Efficient and robust anisotropic mesh adaptation is crucial for Computational Fluid Dynamics (CFD) simulations. The CFD Vision 2030 Study highlights the pressing need for this technology, particularly for simulations targeting supercomputers. This work applies a fine-grained speculative approach to anisotropic mesh operations. Our implementation exhibits more than 90% parallel efficiency on a multi-core node. Additionally, we evaluate our method within an adaptive pipeline for a spectrum of publicly available test-cases that includes both analytically derived and error-based fields. For all test-cases, our results are in accordance with published results in the literature.
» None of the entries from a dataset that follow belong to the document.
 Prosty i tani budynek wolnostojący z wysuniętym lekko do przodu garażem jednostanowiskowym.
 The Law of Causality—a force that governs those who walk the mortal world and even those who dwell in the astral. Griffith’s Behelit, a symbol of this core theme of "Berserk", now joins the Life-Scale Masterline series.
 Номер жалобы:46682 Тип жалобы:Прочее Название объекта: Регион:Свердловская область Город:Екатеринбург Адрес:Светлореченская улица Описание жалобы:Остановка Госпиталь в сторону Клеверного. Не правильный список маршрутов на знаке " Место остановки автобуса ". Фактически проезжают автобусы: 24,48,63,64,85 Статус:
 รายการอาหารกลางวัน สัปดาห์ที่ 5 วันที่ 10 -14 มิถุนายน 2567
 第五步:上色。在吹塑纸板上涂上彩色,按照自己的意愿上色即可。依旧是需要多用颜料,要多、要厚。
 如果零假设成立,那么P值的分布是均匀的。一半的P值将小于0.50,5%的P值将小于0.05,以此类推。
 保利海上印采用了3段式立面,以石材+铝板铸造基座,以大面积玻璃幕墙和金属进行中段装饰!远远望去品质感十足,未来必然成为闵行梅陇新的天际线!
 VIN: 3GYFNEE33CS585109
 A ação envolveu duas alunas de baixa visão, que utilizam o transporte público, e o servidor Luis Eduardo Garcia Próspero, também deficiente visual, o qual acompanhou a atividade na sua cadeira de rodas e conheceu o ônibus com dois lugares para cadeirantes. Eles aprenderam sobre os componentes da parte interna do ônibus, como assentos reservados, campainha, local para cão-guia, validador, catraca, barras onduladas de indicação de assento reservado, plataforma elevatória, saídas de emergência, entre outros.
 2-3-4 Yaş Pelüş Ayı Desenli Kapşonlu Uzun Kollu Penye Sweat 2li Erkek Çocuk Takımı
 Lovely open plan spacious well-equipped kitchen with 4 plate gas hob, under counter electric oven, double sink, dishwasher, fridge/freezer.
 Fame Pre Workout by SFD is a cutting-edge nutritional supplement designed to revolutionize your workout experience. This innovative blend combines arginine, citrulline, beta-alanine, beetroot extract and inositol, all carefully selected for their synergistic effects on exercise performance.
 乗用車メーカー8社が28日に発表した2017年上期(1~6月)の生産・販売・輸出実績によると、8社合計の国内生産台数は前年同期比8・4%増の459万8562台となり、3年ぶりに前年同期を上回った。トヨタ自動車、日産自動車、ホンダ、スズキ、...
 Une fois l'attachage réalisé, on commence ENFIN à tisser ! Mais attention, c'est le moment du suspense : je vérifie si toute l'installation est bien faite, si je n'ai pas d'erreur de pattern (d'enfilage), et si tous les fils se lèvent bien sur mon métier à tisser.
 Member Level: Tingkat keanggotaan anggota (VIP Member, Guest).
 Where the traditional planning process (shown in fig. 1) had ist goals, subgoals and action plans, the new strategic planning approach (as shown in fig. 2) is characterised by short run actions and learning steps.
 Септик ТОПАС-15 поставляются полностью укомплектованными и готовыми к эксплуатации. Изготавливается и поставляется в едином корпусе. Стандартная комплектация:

Support for CAD-based data is introduced, and its effectiveness is demonstrated on one of NASA's High-Lift prediction workshop cases.

翻译：高效且稳健的各向异性网格自适应对于计算流体力学（CFD）模拟至关重要。《CFD 2030年愿景研究》强调了该技术的迫切需求，尤其是针对超算的模拟场景。本研究将细粒度推测式方法应用于各向异性网格操作。我们的实现方案在多核节点上展现出超过90%的并行效率。此外，我们在包含解析推导场与基于误差场的公开测试案例谱系中，对自适应流水线内的算法进行了评估。所有测试案例的结果均与文献已发表成果一致。研究引入了基于CAD数据的支持，并通过NASA高升力预测研讨会的一个案例验证了其有效性。